Directions ▸ Find the line with "ニットベスト レディース ニットトップス ノースリーブ スリット入り" in the data below. Repeat it and every line after it exactly, but not the pictures.

Data excerpt ▸
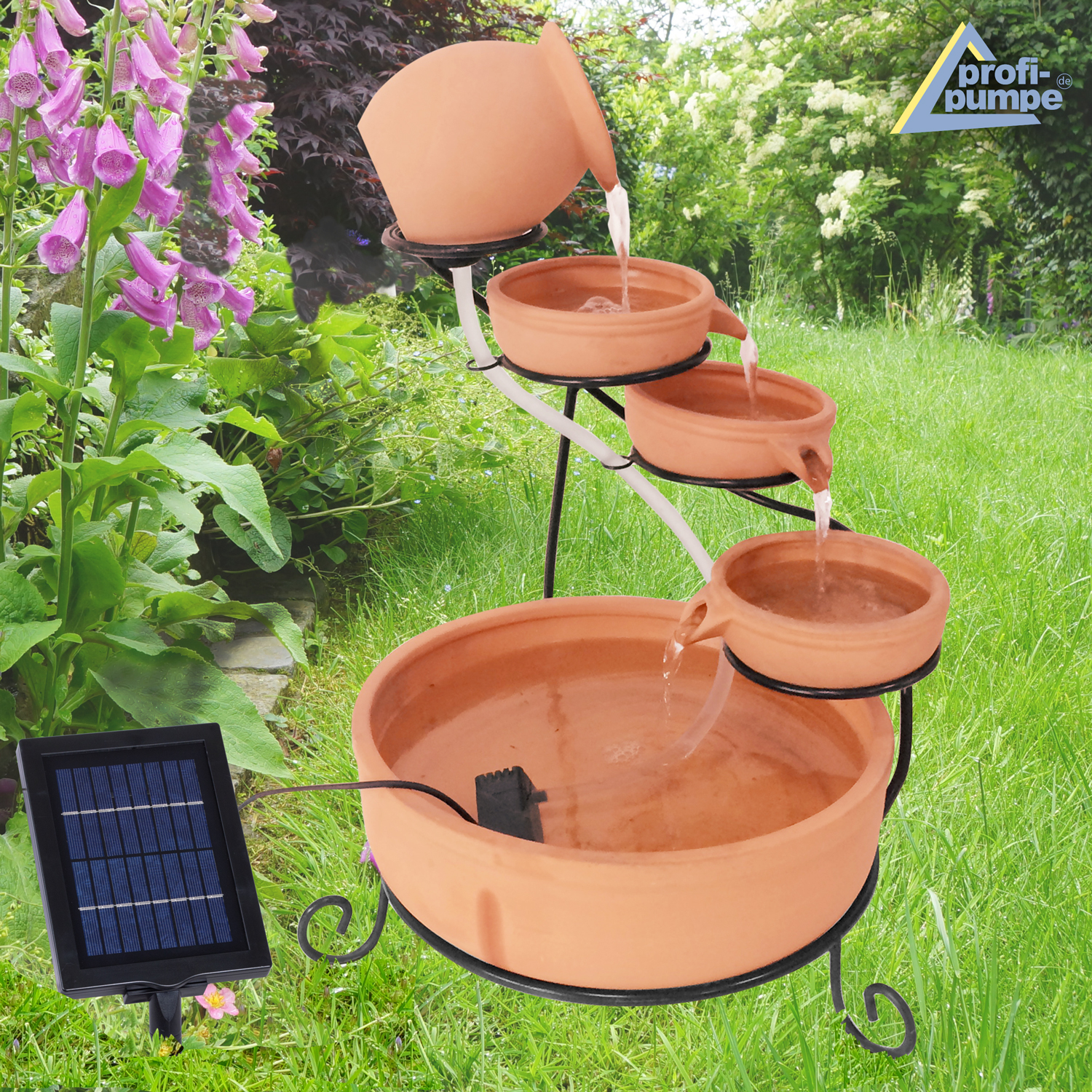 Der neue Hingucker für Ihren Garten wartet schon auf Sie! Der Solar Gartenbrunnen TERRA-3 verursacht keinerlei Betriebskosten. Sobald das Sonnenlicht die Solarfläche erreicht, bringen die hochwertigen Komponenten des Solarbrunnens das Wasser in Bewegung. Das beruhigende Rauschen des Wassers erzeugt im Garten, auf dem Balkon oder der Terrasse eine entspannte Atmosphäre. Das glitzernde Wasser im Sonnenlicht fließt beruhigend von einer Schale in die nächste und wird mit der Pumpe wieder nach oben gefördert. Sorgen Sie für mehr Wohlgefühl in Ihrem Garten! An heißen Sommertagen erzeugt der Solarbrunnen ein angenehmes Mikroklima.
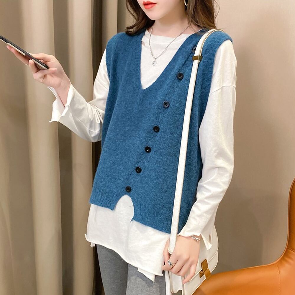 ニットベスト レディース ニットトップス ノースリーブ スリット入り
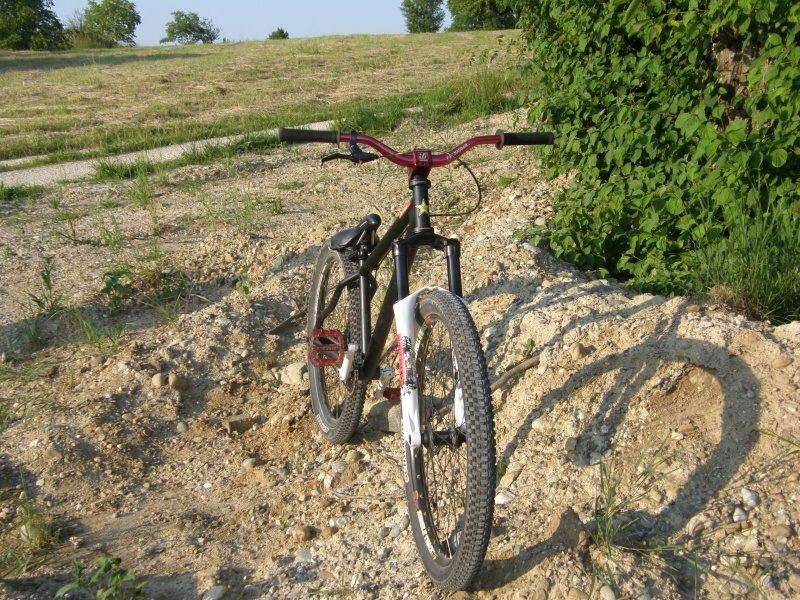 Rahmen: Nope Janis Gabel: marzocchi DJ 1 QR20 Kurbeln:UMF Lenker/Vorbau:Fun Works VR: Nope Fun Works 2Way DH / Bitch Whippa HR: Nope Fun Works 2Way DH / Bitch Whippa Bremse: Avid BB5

Answer ▸
 ニットベスト レディース ニットトップス ノースリーブ スリット入り
 Rahmen: Nope Janis Gabel: marzocchi DJ 1 QR20 Kurbeln:UMF Lenker/Vorbau:Fun Works VR: Nope Fun Works 2Way DH / Bitch Whippa HR: Nope Fun Works 2Way DH / Bitch Whippa Bremse: Avid BB5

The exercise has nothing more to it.